Task brief.
Please give the lines below again exactly as they stand, from the one that contains "Fig. 2 | Predictive" up to and including the one that contains "2055 - (2) أَخْبَرَنَا", leaving all pictures out.

Data for this task.
- - - - -
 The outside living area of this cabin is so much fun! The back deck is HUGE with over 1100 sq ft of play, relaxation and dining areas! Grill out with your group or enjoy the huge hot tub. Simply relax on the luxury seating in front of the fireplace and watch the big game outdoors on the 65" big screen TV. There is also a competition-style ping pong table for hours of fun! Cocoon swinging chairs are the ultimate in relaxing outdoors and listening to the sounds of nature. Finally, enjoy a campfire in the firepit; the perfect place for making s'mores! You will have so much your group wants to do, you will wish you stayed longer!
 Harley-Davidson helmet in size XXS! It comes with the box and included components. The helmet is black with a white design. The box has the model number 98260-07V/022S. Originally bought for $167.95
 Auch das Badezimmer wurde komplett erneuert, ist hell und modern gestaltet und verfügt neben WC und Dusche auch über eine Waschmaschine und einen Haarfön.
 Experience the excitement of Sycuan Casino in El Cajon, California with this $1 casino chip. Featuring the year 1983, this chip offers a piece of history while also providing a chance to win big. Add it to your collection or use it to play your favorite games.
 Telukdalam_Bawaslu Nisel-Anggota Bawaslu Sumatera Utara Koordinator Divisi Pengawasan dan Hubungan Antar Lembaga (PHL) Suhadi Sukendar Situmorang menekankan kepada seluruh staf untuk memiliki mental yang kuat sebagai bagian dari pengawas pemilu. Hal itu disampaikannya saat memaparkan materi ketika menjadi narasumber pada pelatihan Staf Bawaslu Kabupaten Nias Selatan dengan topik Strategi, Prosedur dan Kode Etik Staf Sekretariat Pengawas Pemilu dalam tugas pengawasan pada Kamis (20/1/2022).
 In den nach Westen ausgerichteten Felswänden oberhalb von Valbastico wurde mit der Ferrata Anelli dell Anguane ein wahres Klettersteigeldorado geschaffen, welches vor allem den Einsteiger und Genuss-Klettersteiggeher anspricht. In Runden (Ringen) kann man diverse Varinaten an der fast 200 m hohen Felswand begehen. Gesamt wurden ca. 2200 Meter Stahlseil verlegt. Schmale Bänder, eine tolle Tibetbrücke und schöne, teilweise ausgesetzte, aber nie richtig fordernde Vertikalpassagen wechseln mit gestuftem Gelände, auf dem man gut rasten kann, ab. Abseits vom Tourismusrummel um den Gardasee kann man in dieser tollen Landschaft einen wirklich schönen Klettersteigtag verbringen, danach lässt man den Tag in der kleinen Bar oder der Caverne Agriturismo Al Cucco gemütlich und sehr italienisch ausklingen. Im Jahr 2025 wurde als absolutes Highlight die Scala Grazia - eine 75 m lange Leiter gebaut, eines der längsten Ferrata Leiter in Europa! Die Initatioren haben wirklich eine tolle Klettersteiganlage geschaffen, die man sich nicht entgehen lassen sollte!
- - - - -
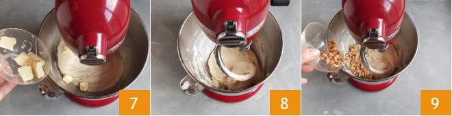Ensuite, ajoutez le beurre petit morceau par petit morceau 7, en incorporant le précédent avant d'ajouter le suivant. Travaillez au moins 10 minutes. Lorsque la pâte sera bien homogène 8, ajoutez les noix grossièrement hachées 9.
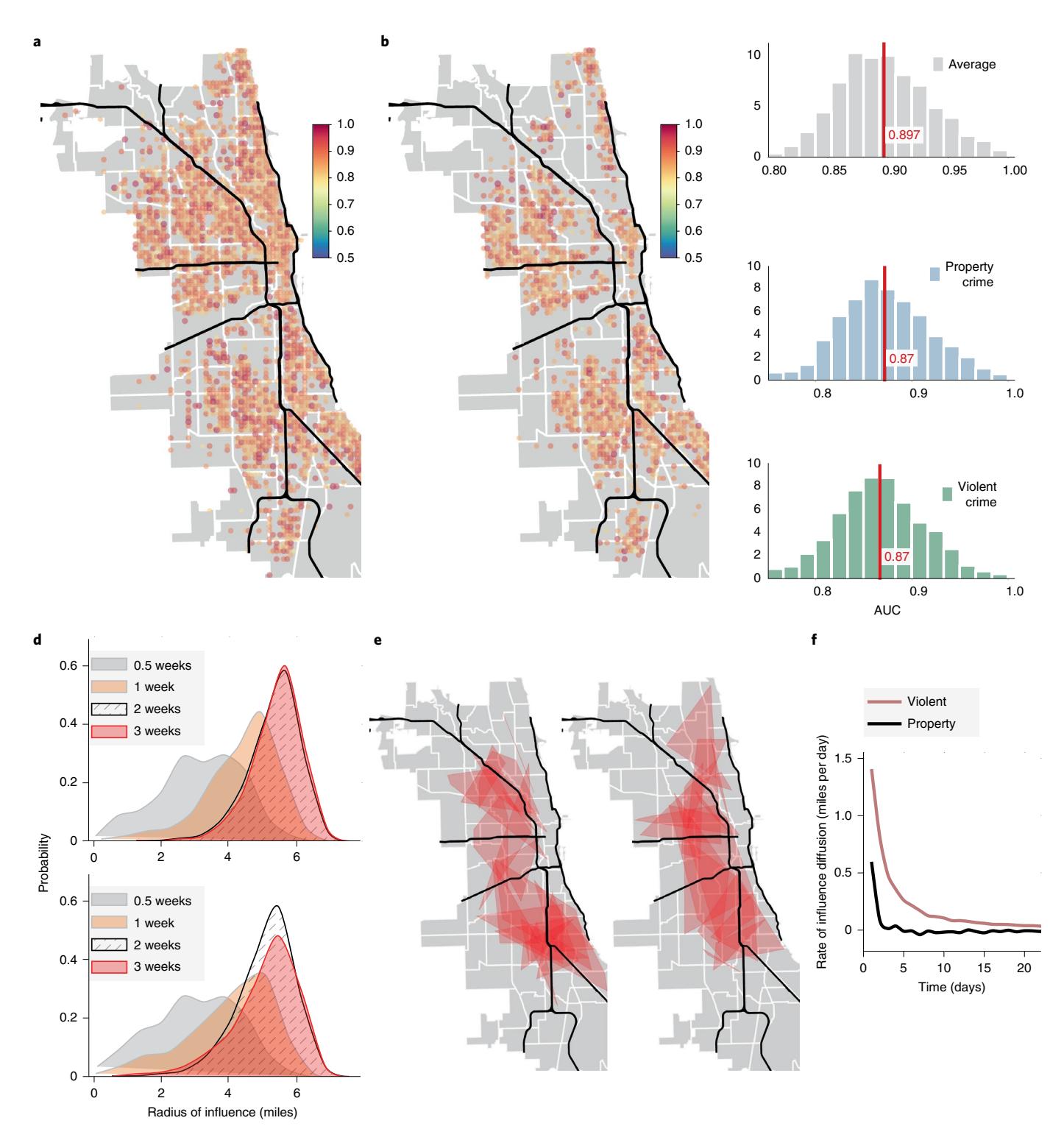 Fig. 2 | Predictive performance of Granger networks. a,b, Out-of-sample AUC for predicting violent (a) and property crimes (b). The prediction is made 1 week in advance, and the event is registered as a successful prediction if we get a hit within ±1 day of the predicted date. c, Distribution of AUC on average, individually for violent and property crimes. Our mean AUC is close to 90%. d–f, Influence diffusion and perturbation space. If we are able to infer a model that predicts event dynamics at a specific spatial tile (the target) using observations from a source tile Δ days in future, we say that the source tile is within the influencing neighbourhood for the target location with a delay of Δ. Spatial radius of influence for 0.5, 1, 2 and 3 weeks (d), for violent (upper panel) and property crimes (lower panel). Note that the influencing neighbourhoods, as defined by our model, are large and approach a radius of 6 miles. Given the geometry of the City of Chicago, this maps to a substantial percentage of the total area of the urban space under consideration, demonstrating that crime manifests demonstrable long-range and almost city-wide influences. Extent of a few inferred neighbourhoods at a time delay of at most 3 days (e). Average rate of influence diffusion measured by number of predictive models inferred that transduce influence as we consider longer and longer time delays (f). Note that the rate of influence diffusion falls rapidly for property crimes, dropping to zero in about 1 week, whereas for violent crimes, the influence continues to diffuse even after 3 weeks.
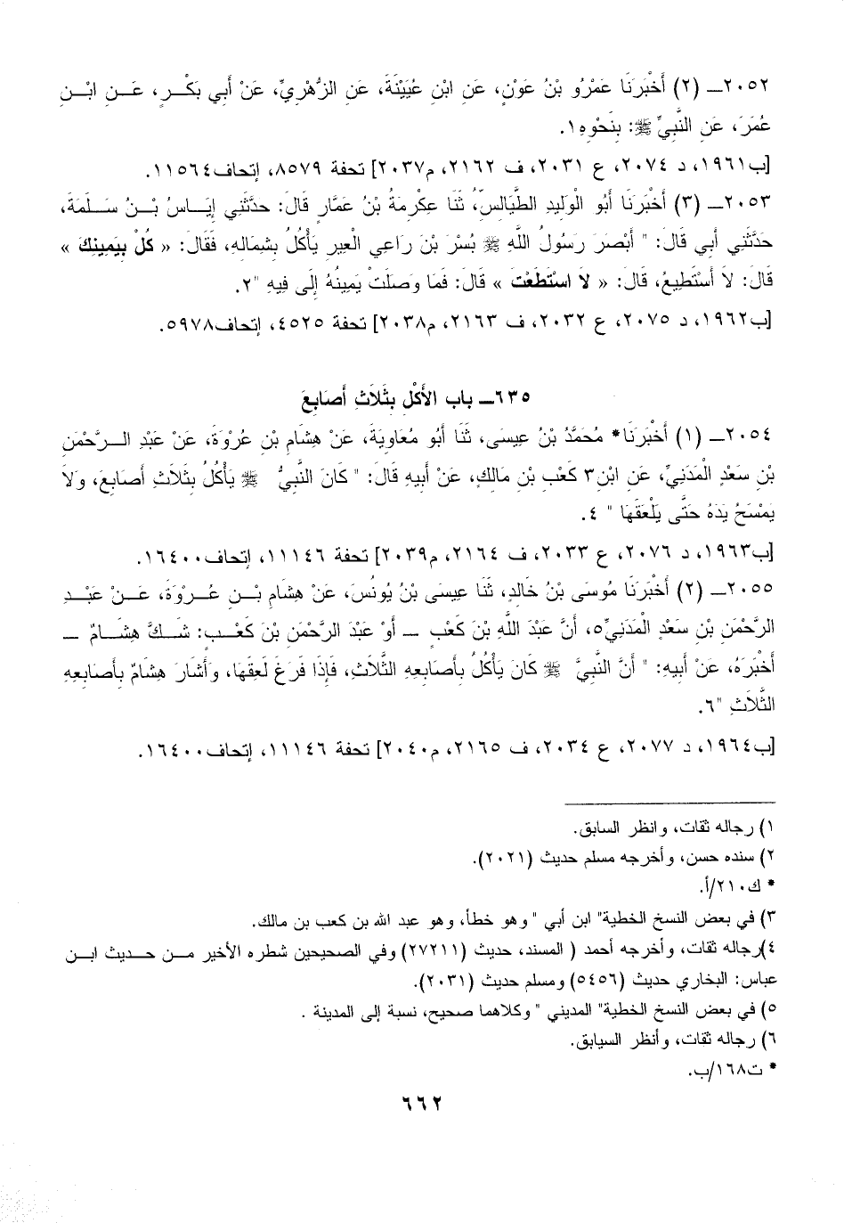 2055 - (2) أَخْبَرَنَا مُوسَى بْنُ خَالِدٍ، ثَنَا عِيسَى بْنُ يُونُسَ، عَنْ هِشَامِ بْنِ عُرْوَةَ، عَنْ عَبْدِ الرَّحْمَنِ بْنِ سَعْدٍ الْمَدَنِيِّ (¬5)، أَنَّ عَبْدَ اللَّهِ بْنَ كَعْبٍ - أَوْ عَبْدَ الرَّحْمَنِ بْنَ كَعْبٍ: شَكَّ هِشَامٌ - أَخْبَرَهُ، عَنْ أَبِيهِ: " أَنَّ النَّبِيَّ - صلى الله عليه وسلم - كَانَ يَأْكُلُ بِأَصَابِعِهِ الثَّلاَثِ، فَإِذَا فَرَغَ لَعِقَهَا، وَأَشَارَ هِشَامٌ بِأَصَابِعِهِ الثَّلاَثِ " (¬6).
- - - - -
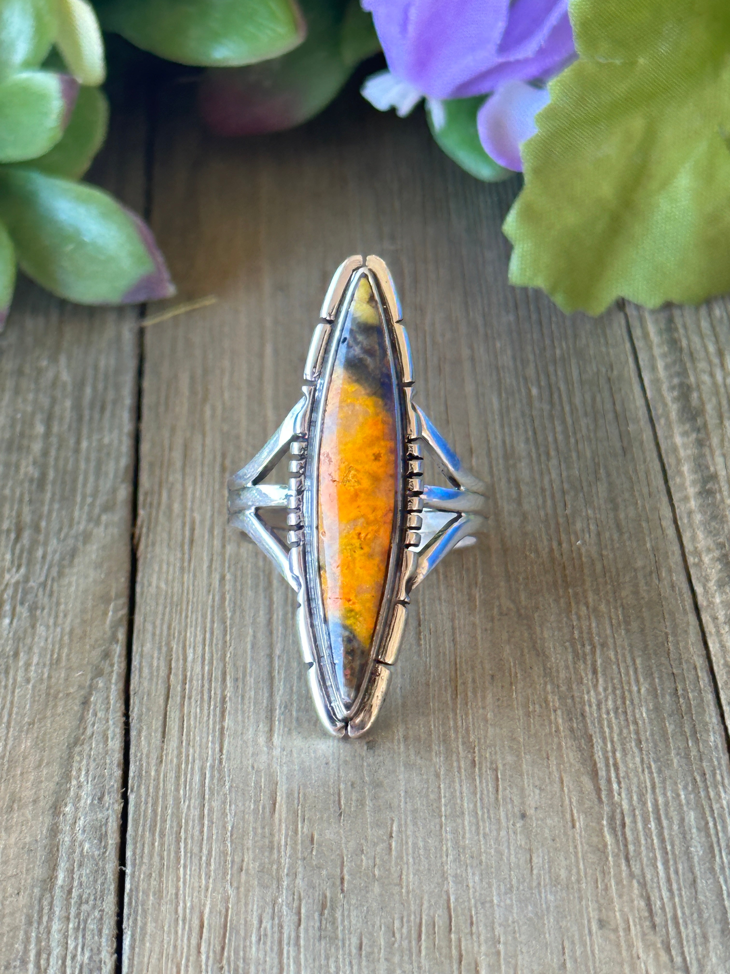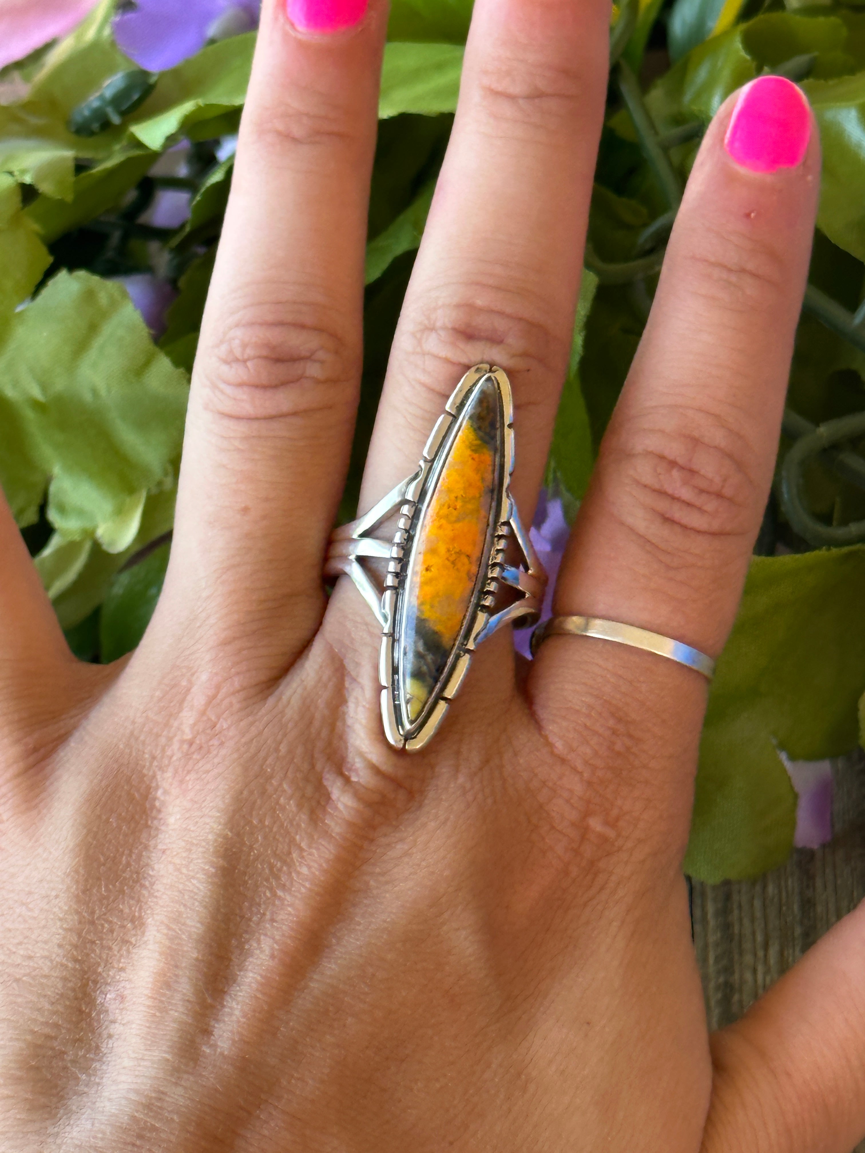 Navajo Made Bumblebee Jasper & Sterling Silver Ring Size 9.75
- - - - -
Result.
 Fig. 2 | Predictive performance of Granger networks. a,b, Out-of-sample AUC for predicting violent (a) and property crimes (b). The prediction is made 1 week in advance, and the event is registered as a successful prediction if we get a hit within ±1 day of the predicted date. c, Distribution of AUC on average, individually for violent and property crimes. Our mean AUC is close to 90%. d–f, Influence diffusion and perturbation space. If we are able to infer a model that predicts event dynamics at a specific spatial tile (the target) using observations from a source tile Δ days in future, we say that the source tile is within the influencing neighbourhood for the target location with a delay of Δ. Spatial radius of influence for 0.5, 1, 2 and 3 weeks (d), for violent (upper panel) and property crimes (lower panel). Note that the influencing neighbourhoods, as defined by our model, are large and approach a radius of 6 miles. Given the geometry of the City of Chicago, this maps to a substantial percentage of the total area of the urban space under consideration, demonstrating that crime manifests demonstrable long-range and almost city-wide influences. Extent of a few inferred neighbourhoods at a time delay of at most 3 days (e). Average rate of influence diffusion measured by number of predictive models inferred that transduce influence as we consider longer and longer time delays (f). Note that the rate of influence diffusion falls rapidly for property crimes, dropping to zero in about 1 week, whereas for violent crimes, the influence continues to diffuse even after 3 weeks.
 2055 - (2) أَخْبَرَنَا مُوسَى بْنُ خَالِدٍ، ثَنَا عِيسَى بْنُ يُونُسَ، عَنْ هِشَامِ بْنِ عُرْوَةَ، عَنْ عَبْدِ الرَّحْمَنِ بْنِ سَعْدٍ الْمَدَنِيِّ (¬5)، أَنَّ عَبْدَ اللَّهِ بْنَ كَعْبٍ - أَوْ عَبْدَ الرَّحْمَنِ بْنَ كَعْبٍ: شَكَّ هِشَامٌ - أَخْبَرَهُ، عَنْ أَبِيهِ: " أَنَّ النَّبِيَّ - صلى الله عليه وسلم - كَانَ يَأْكُلُ بِأَصَابِعِهِ الثَّلاَثِ، فَإِذَا فَرَغَ لَعِقَهَا، وَأَشَارَ هِشَامٌ بِأَصَابِعِهِ الثَّلاَثِ " (¬6).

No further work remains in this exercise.